WHAT NEEDS TO BE DONE
Set the material down again exactly, line by line, skipping each picture.
BEGIN STORED DATA
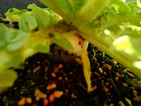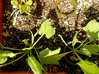芋虫に食べられてしまった秋蒔き野菜のうち、幾つかの苗からは、新芽?が生えてきているようです。
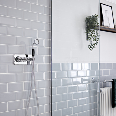Doté d’une finition chromée et noire au look rétro élégant, le kit de douche Elizabeth, composé d’un mitigeur thermostatique et d’un kit douchette est une excellente option pour rénover votre salle de bain.
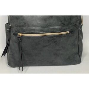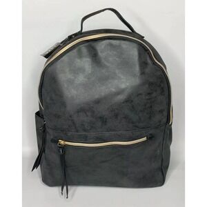 NEW Ulta Beauty Faux Distressed Black Vegan Leather Moto Backpack 15" x 12"
END STORED DATA
ANSWER SPACE
芋虫に食べられてしまった秋蒔き野菜のうち、幾つかの苗からは、新芽?が生えてきているようです。
Doté d’une finition chromée et noire au look rétro élégant, le kit de douche Elizabeth, composé d’un mitigeur thermostatique et d’un kit douchette est une excellente option pour rénover votre salle de bain.
 NEW Ulta Beauty Faux Distressed Black Vegan Leather Moto Backpack 15" x 12"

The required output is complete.